Background: Polycystic liver disease (PLD) is an inherited disorder marked by progressive hepatic cyst growth. While liver function is usually preserved, severe cyst burden can cause mass effect complications, sometimes requiring liver transplantation (LT). Perioperative challenges include surgical constraints, significant bleeding, thrombosis risk, and difficult extubation due to airway compression and atelectasis.

Methods: A retrospective study was conducted using the LT database from the Liver Transplant Unit at Jackson Memorial Hospital, University of Miami, USA. Data were extracted for patients who underwent LT between January 2016 and December 2024, with follow-up until February 2025. Kaplan-Meier log-rank curves were calculated.

Results: Among 1,077 LT recipients, 18 patients (1.6%) had PLD and met the inclusion criteria. Of these, 12 (67%) were female. The median physiologic Model for End-Stage Liver Disease (MELD-Na) score at transplantation was 17 (IQR: 7–19), and the mean age at transplantation was 60 years (SD 6). All patients had concurrent autosomal dominant polycystic kidney disease (ADPKD). The median preoperative creatinine was 3.87 mg/dL (IQR: 1.31-6.67), and 8 patients (44%) required hemodialysis prior to LT. 

Regarding kidney transplantation, 1 patient was excluded due to intraoperative mortality; Among the remaining 17, 4 (23%) had undergone kidney transplantation before LT, 2 (12%) received a simultaneous liver-kidney transplant, 11 (65%) underwent kidney transplant in the days following LT. 

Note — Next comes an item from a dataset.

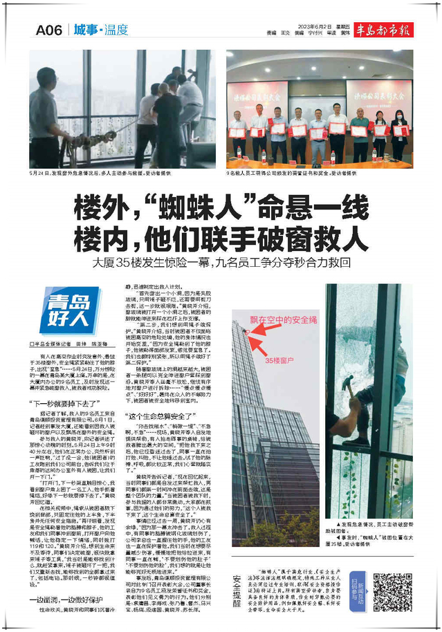 5月24日,一工人在青岛某大厦高空作业时,被困于35楼窗外,雪上加霜的是,安全绳紧紧勒住了他的脖子,随时有窒息的可能。但万幸,楼内9位员工及时发现,并紧急破窗救人,被救者目前已平安。

Vena cava preservation (piggyback technique) was used in 83% of cases. The median operative time was 4.81 hours (range: 2.35–9.57), and the mean liver explant weight was 4,623 g (range:562–9,954). Estimated blood loss was 2.5 L (IQR: 1.37–12.25), with massive transfusion (≥10 units of PRBCs within 24 hours) required in 50% of cases. Prophylactic heparin of 30 units/kg was administered prior to portal clamping in 78% of patients. Intraoperative cardiac thrombosis occurred in 5 patients (28%) with 4 out of 5 not receiving prophylactic heparin.  The events occurred during dissection (1), anhepatic (1) and after portal reperfusion (3). The one patient who received prophylactic heparin, experienced massive hemorrhage due to surgical complexity immediately post reperfusion, intraoperative cardiac arrest, and required AV-ECMO, resulting in intraoperative death. The median post-transplant extubation time was 21 hours (IQR: 14–58), with reintubation required in 3 patients (17%). The median intensive care unit (ICU) stay was 10 days (range: 3–227), while the median hospital stay was 14 days (range: 6–231). No patient required retransplantation. Kaplan Meier 1-year survival was 83%, while overall patient and graft survival was 68%.

Conclusions: Simultaneous liver and kidney transplantation (SLKT) is a definitive treatment for ADPKD with severe polycystic liver disease, addressing organ failure and hepatomegaly complications. Despite surgical complexity and perioperative risks, survival outcomes remain favorable, emphasizing the need for meticulous management, patient selection, and tailored surgical approaches.